The consultation response recognises that the area requires further work. Identification of circumstances where early notification could be beneficial is needed and the DWP intends to work with industry to establish how best to make this clear.
The DWP’s acknowledgment that this area requires further information gathering and consultation is welcome. A better time to pin the obligation to notify could be within a short time of scheduled exchange, and a more useful commitment might be to provide a clear summary of the deal once the transaction is signed, so that confidentiality is maintained in the negotiation stages.
Payment of dividends
The consultation noted the intention to address the issue of dividend payments as part of the separate consultation by BEIS on corporate governance, and not to consider such payments as part of the notifiable events framework.
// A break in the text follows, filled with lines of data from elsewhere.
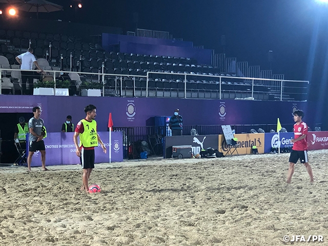 11月2日(火)に開幕する「インターコンチネンタル ビーチサッカーカップ ドバイ 2021」に出場するビーチサッカー日本代表は、10月30日(土)にアラブ首長国連邦(UAE)に入国し、31日(日)、11月1日(月)の2日間、会場となるドバイ・Kitaビーチのスタジアムにて公式練習を行いました。
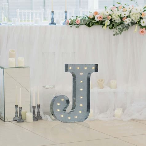 Vintage Galvanized Metal Marquee "J" Letter Light Cordless With 16 Warm White Led 20" - Weddings, Events By Efavormart Party Shop
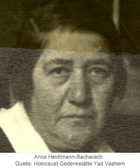 Am 12. April 1901 hat Anna Bacharach den Kaufmann Sali Mosbach (geb. 23.5.1875 in Altena) geheiratet. Diese Ehe wurde am 14. April 1904 geschieden. Am 6. August 1913 heiratet sie den Oberpostassistenten Ludwig Heidtmann (geb. 17.9.1873 in Deutsch Avricourt), einen evangelischen Christen. Mit ihm ist sie zwar über 20 Jahre verheiratet, allerdings ist zu vermuten, dass sie sich schon lange vorher getrennt haben. Die Ehe wird am 3. November 1933 geschieden. Dieses Datum ist möglicherweise kein Zufall, weil es nach der Machtübernahme der Nazis für einen christlichen Beamten problematisch wurde, mit einer Jüdin verheiratet zu sein. Beide Ehen waren kinderlos.

The response confirms that the DWP has no proposals to extend the framework to cover the payment of dividends. However, TPR will consider whether the level of dividend payment made by the sponsoring employer or its parent company is appropriate in relation to the scheme’s funding when the triennial valuation is submitted or where a recovery plan has been agreed.
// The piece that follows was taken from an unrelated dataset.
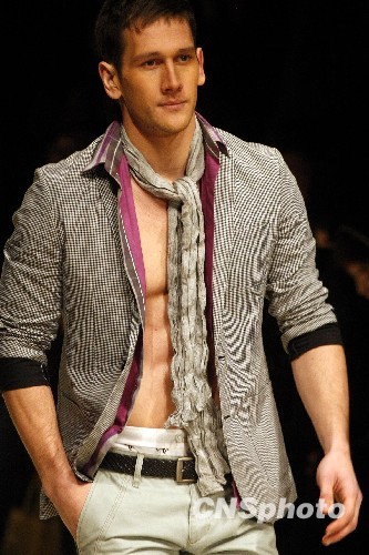 图为模特展示最新男装作品。 中新社发 钱兴强 摄

Many respondents to the DWP’s consultation commented that responsible dividend policies play an important part in business growth and in the overall investment returns for the economy. Dividend payments should not be considered automatically to be detrimental to pension schemes.
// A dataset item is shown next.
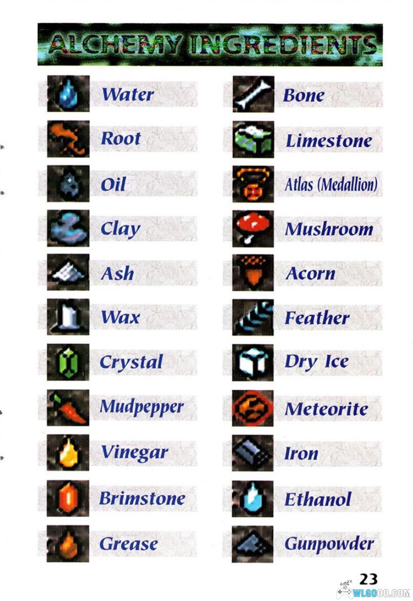 | 酸雨 | 1 份灰,3 份水 | 击败斯拉克克斯后,从那里往前走一点,走出臭泥地区后贴着右墙走。最终你会走进一条隐藏通道。往右走,和炼金术士交谈学习酸雨 | 这是一个进攻性攻击法术,释放酸雨攻击敌人 |

It is unlikely that any of the DWP’s proposed changes will be in force before the Spring of 2020.
The answers to many of the questions raised in the consultation remain unclarified and subject to future consultation, followed by the eventual production of revised Codes of Practice from TPR and draft regulations from the DWP. One such issue is where the money will go from increased fines on errant corporates, and the consultation response merely states that the Government is giving consideration to the treatment of civil penalty proceeds.
Generally, the new criminal sanctions have dominated the headlines in the pensions and financial press. The Government sees the introduction of the new criminal offences as “a major step forward in stamping out abuses … and bringing fat-cat failures to book.” Although this move has been welcomed by some, it was first announced as an intention in 2017 and is still years away from being implemented. It will be extremely difficult to establish that someone behaved “willfully or recklessly” and as a result endangered a pension scheme and members’ benefits, particularly with the high level of proof required to impose a criminal sanction.